**Problem to work on**
Span requested from the data below: the line with "This game puzzle" through the line with "- ハロウィン コスプレ メイド服 パニエ コスチューム 仮装 カチューシャ【XL】", both included. Give only these lines again, exactly, and leave every picture out.

**Exercise data**
____

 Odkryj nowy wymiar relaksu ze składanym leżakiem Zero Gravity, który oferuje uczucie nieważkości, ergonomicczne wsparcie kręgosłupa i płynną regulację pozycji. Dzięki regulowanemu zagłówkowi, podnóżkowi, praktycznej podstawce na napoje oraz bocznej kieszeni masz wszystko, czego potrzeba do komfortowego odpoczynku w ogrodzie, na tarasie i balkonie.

____

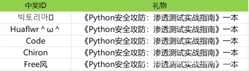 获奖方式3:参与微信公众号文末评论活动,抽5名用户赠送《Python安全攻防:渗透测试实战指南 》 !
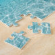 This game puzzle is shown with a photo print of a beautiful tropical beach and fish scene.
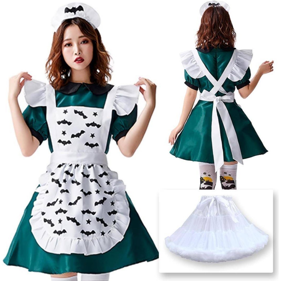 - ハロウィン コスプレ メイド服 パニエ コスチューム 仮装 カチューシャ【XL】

____

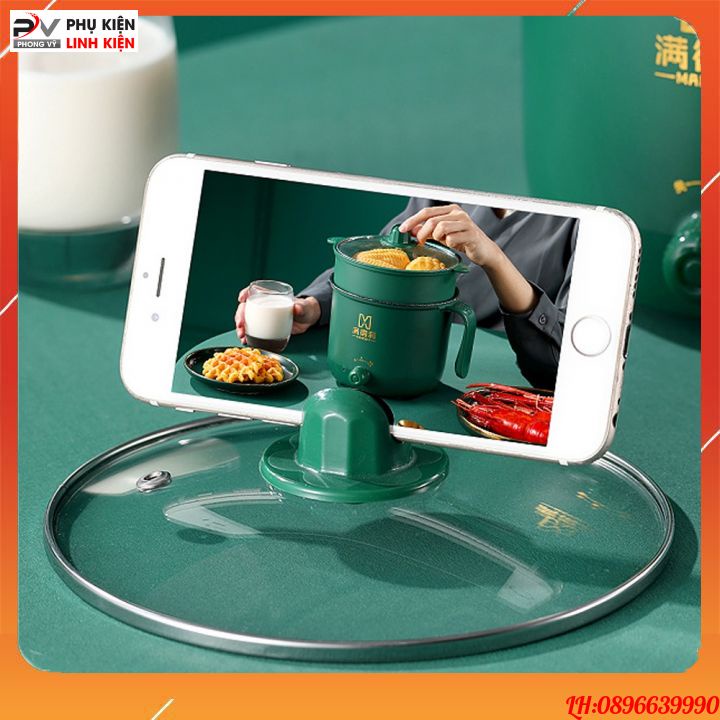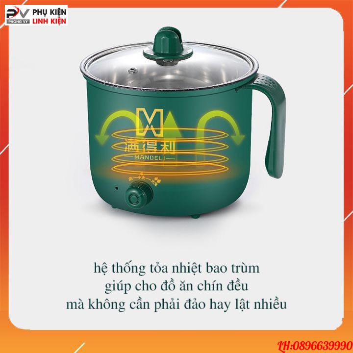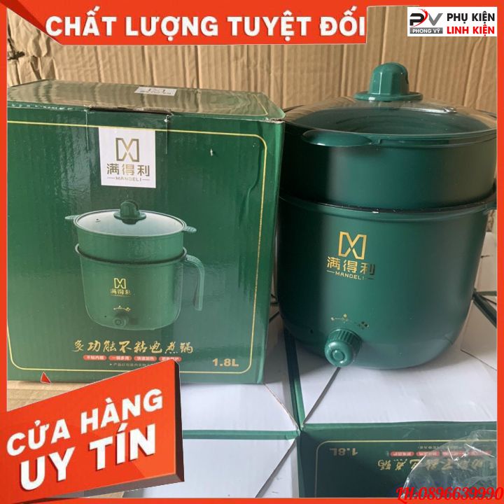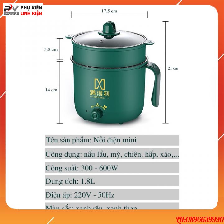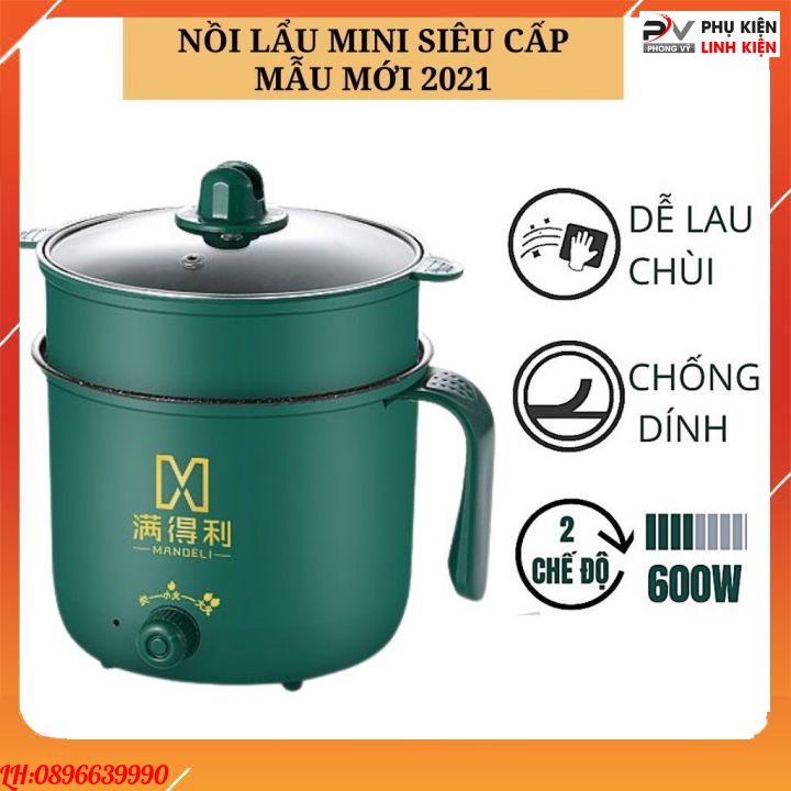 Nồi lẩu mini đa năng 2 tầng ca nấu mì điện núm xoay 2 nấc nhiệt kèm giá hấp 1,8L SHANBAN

____

**Response box**
 This game puzzle is shown with a photo print of a beautiful tropical beach and fish scene.
 - ハロウィン コスプレ メイド服 パニエ コスチューム 仮装 カチューシャ【XL】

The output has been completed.